I Found that you can find the leaking area easier by, Blowing onto the top of the window and this of course mists it up, then quickly wiping off the mist with a cloth. If you have a potential leaking area, the mist will also be on the inside 

I cured mine by simple pushing the rubber seal in a little and retesting, after a while the seal gets used to it's new position and bingo no more leaks. Probably not a permanent fix, but cured mine :wink:


----------



## Super Josh (May 29, 2009)

Thanks for taking the pics. I saved them to my PC and they are around 7K each and the size of a matchbox 

Any chance of rehosting them? 

Cheers,

Josh


----------



## rustyintegrale (Oct 1, 2006)

Super Josh said:


> Any chance of rehosting them?
> 
> Cheers,
> 
> Josh


These are the images from Tyrone.

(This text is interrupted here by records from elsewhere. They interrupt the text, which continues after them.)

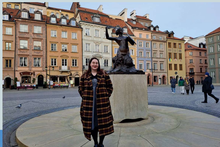
Warsaw, Poland (2024)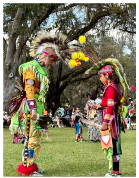
Sponsored by Palm Coast and the Flagler Beaches, the Princess Place Preserve Pow Wow features traditional Native American dancing.

In February, Palm Coast and the Flagler Beaches sponsored the 9<sup>th</sup> annual Princess Place Preserve Pow Wow, a two-day festival highlighting Florida's indigenous peoples. Attendees got an up-close look at Native American culture via traditional dance performances, weapons demonstrations, encampment displays, wildlife exhibits, and more. It was PCFB's second year of sponsoring the event, which had more than 7,000 attendees. VisitFlagler.com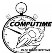
Clerk of Course - Alistair Kinsella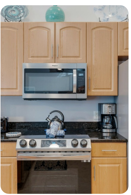
Cape Coral 739 | Page 4 of 8

I promised to put them up last night but got distracted... 


































Cheers

rich


----------



## Super Josh (May 29, 2009)

Thanks Rich and Tyrone 

Josh


----------



## kazual (Mar 8, 2011)

sorry to bring this post back up but im wondering if there is any thing else i can do apart from opening it all up

i have a leak at the top of the seal where the small triangle window meets the plastic strip and then on to the large window right at the top where all 3 meet (dont know if you get where i mean)
im guessing its due to the window rubbing on the same part of the seal all these years i only get a leak when its heavy rain and while driving... im guessing its to do with angles in which the rain falls and drips in...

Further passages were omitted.